Angry IP Scanner is expected to benefit from all the usual advantages of free software: reviews, contributions, community. On the other hand, it is the authors contribution to the growing open-source world, a way of saying thanks for all the free software made by other people.

Cross-platformness

Cross-platformness can be thought as of another freedom that users must have – the ability to choose their platform without sacrificing their favorite software and having their decision depend on whether some particular program will work on another platform or not. Users may be forced to use one platform at work, however prefer another one at home, but they still need the software they need and like in both cases.

Nowadays, a new great wave of platform switching is coming: Apple is being said to be reborn due to much increased sales and popularity of their computers, Linux is gaining more and more popularity in desktop market (in addition to dominance in the world of servers). The world will be a lot more diverse in terms of different software and hardware platforms in the next years that it used to be. And this is a good thing: competition drives innovation; more choices mean more freedom.

However, cross-platformness poses many challenges to the developers of software. No matter what technology is chosen, there will always be some platform-specific work left in order to make users on each platform happy by following standards and conventions of each of them. This is especially true for graphical desktop applications like Angry IP Scanner.

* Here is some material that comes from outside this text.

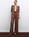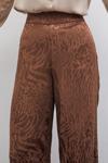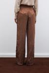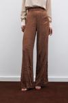 Yüksek bel, yan fermuarlı, salaş paça, desenli saten pantolon.

There are many reasons why particularly Angry IP Scanner needs to be cross-platform. One of them is that most of the users still use Microsoft Windows, however it is the worst platform for network scanning, so Angry IP Scanner needs to support both popular platforms and the more useful, but less popular ones.

Technological choice

When considering the possibilities of creating cross-platform applications, there are not many. Writing cross-platform code in low level languages such as C++ in very difficult. High level scripting languages often do not perform good enough and are too high level for such networking applications as Angry IP Scanner.

It turned out that Java is the best choice, being marketed for years as “write once, run anywhere” language. Although this is not 100% true if a rich and conforming user experience is required, it is still the best possible alternative. Java has the best development tools of any language, good enough productivity, wide platform support, very large developer community, several independent vendors (including the GNU open-source implementation), strict standardization. In addition to that, Sun Microsystems, the primary developer of Java, have declared their implementation of Java as open-source during the JavaOne 2007 conference; in the past few years they have started pushing the adoption of Java to desktops very aggressively to complement the dominance in server-side enterprise systems market. In other words, Java has been the biggest success of any software technology ever.

For Angry IP Scanner, Java provides solid platform for cross-platform development, making more than 95% of code platform-independent. Only some GUI tweaks and low-level networking need special attention on different operating systems. This is what JNI (Java Native Interface – the way to bind native code with Java) is intended for and thus makes this low-level networking possible.

As a GUI toolkit, it was chosen to use SWT (Standard Widget Toolkit), provided by Eclipse project. Its benefits include the usage of native GUI controls and widgets on every supported platform, making Java programs indistinguishable from the native ones. And this is important to users – they want their system-wide settings, themes, and operating system standards to be respected.

Usage scenarios

Network scanners can have very wide range of uses, but they can be generally divided into three major categories: attacking, defense, and maintenance.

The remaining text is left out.